Pasifik’te saflar sıklaşıyor: Çin ve Kuzey Kore 2024’ü ‘dostluk yılı’ ilan etti
ABD Başkanı Joe Biden, bugün Vietnam'a gittiğinde, Hanoi ile ilişkileri yeni bir seviyeye çıkarmaya hazırlanıyor. İki tarihi düşmanı hiç olmadıkları kadar yakınlaşmaya iten şey ise artan Çin tehlikesi.
ABD Başkanı Joe Biden’ın G20 zirvesinin ardından bugün Vietnam’a yapacağı devlet ziyareti sırasında Hanoi ile ABD’nin uzun zamandır istediği sembolik ama önemli bir statü olan ‘kapsamlı stratejik ortaklık anlaşmasının imzalanmasına öncülük etmesi bekleniyor.
Vietnam şimdiye kadar bu statüyü sadece dört ülkeye verdi: Çin, Rusya, Hindistan ve Güney Kore. Yıllarca Çin’i gücendirmekten korkan Vietnam, bu statüyü ABD’ye şimdiye kadar tanımakta direndi.

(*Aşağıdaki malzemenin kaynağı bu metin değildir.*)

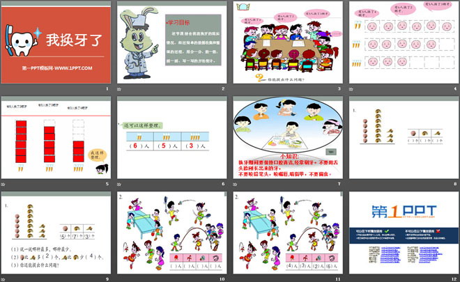 关键词:我换牙了教学课件,青岛版一年级下册数学PPT课件下载,一年级数学幻灯片课件下载,我换牙了PPT课件下载,.PPT格式;

Ancak Vietnam’ın hak iddia ettiği sulardaki Çin varlığı, Hanoi’yi Hint-Pasifik’te Beijing’e karşı müttefik arayışına giren ABD’ye itti.
Bazı uzmanlar Hanoi’nin ilişkiler hiyerarşisinde en alt basamaklarında yer alan Washington’u en üst basamağa taşımak gibi sıra dışı bir hamle yapabileceğine bile inanıyor.

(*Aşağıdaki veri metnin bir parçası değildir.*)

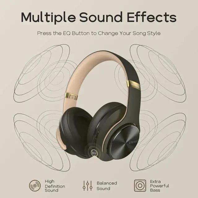 DOQAUS Bluetooth Headphones Over Ear, 90H Playtime Wireless, 3 EQ Modes, HiFi Audio & Deep Bass, ENC Noise Isolating Mic, Soft Earpads for Phone/PC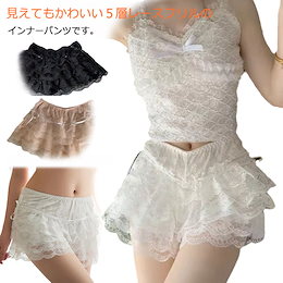 総レース インナーパンツ ショーツ スパッツ 5段 フリル ペチコート リボン 1分丈 下着 ペチパンツ ショートパンツ ドレス スカート 透け防止 レース シフォン キュロット ペチパン ホットパン

ISEAS – Yusuf İshak Enstitüsü’nde misafir araştırmacı olan Nguyen Khac Giang, NYT’ye verdiği demeçte, “Bu çok dikkat çekici bir olay çünkü hepimiz Vietnam’ın dış politikasında çok temkinli olduğunu biliyoruz. Ne zaman önemli bir ikili ilişkiye adım atsa özellikle Beijing’in endişelenmesine neden olabileceği korkusuyla yavaş davranma eğiliminde olur” dedi.

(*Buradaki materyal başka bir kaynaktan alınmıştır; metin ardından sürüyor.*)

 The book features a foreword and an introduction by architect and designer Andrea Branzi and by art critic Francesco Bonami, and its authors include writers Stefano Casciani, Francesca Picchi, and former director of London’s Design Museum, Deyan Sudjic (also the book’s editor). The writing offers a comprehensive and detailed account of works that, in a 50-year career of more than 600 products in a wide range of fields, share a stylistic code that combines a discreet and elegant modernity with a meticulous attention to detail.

Beklendiği gibi bir anlaşmaya varılırsa bu, Çin’e Vietnam’ın artık ABD’ye daha yakın olduğu mesajını verebilir. Tabii bu yakınlığın da bir sınırları olacaktır. Vietnam yıllardır Rusya ve Çin’le olan bağlarını kullanırken, herhangi bir çatışmada taraf tutmayacağını açıkça ortaya koymuştu. Hanoi’nin ‘Dört Hayır’ politikası nedeniyle Çin’e karşı bir koalisyona katılması pek olası değil. Bu Dört Hayır politikasında askeri ittifaklara katılmamak, bir ülkeye karşı başka bir ülkenin yanında yer almamak, yabancı askeri üslere sahip olmamak ve uluslararası ilişkilerde güç kullanmamak var.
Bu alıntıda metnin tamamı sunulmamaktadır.